Mason's relationship with flowers over the years.

or

I love my mentally ill dnd oc's <3

Notes:

These are just my dnd oc's lol if you stumbled upon this and you dont know me whoops :) hope you enjoy tho. also i cant figure out italics on here its making me seethe w rage <3

Chapter Text

It had started on a rather unassuming night near the beginning of the year.

Mason had been under his covers, Lucas cross legged next to him, book in hand- their standard routine- when Mason had seen it.

Sprawled along two pages in the children’s picture book Lucas had been reading aloud to him was a grand artwork of a beautiful garden.
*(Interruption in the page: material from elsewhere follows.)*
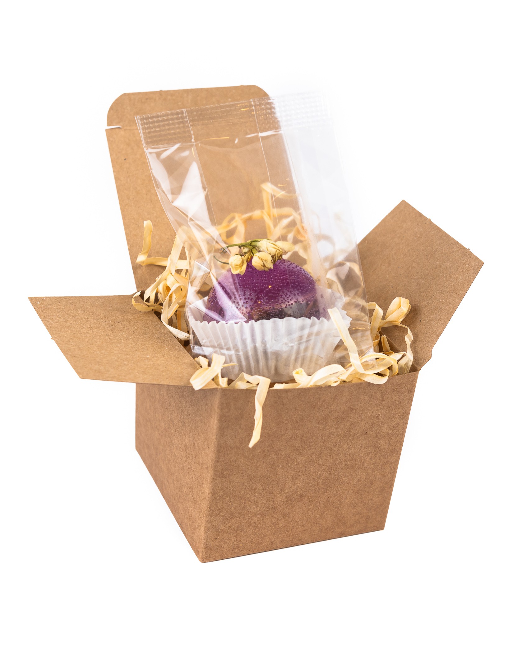W środku kuli znajduje się porcja przepysznej, zielonej herbaty Sencha brzoskwiniowa którą charakteryzuje łagodny smak, w którym przeplatają się słodkie brzoskwini oraz kwiatowe akcenty w postaci nagietka. Porcja suszu zamknięta jest pięknej kuli w fioletowym kolorze. Kula została stworzona z Izomaltu, który dzięki swojej słodkości uzupełnia smak mieszanki, tworząc idealny duet. Izomalt to środek słodzący, charakteryzujący się niską kalorycznością. Często występuje jako zamiennik cukru w słodyczach i innych produktach spożywczych.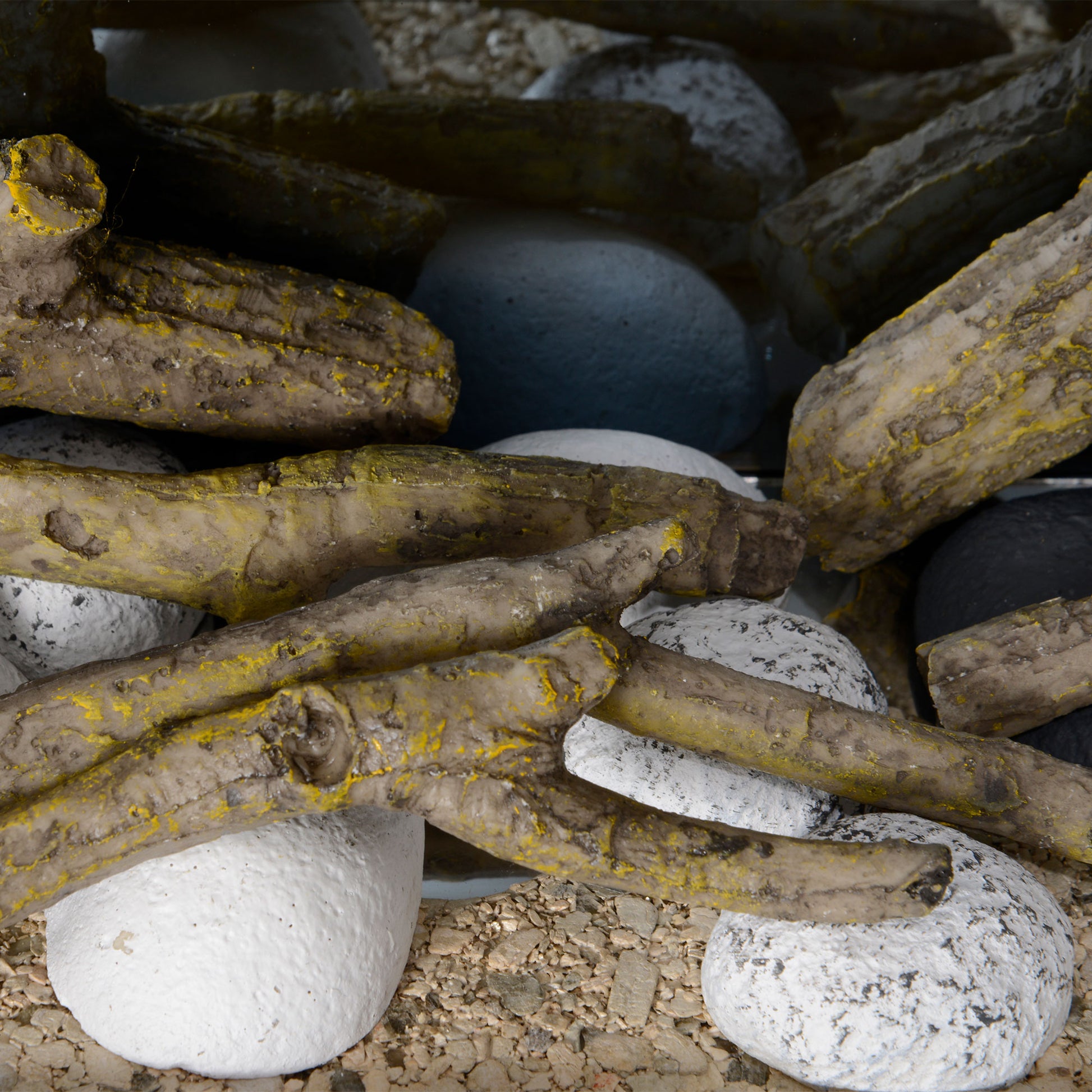 - White mantel with pebble and carbon log, three-sided glass enhances beauty

Colors burst from the page like fireworks, setting off something in the 8 year old; his older brother’s voice became a mere hum in the background as his eyes danced around the page, along the lines and the greens and yellows and reds, around the beautiful girl in the blue dress that danced among the symphony in the middle of the page, and he knew immediately that he wanted this, so bad that it ached.

---

He had received the garden when he was 9. After a year of nonstop rambling to his older brother, of incessant begging to his parents for more books on the plants- the real ones, he insisted, not the cutesy picture books they had assumed he’d wanted- he’d been given permission to use the backyard area as he pleased.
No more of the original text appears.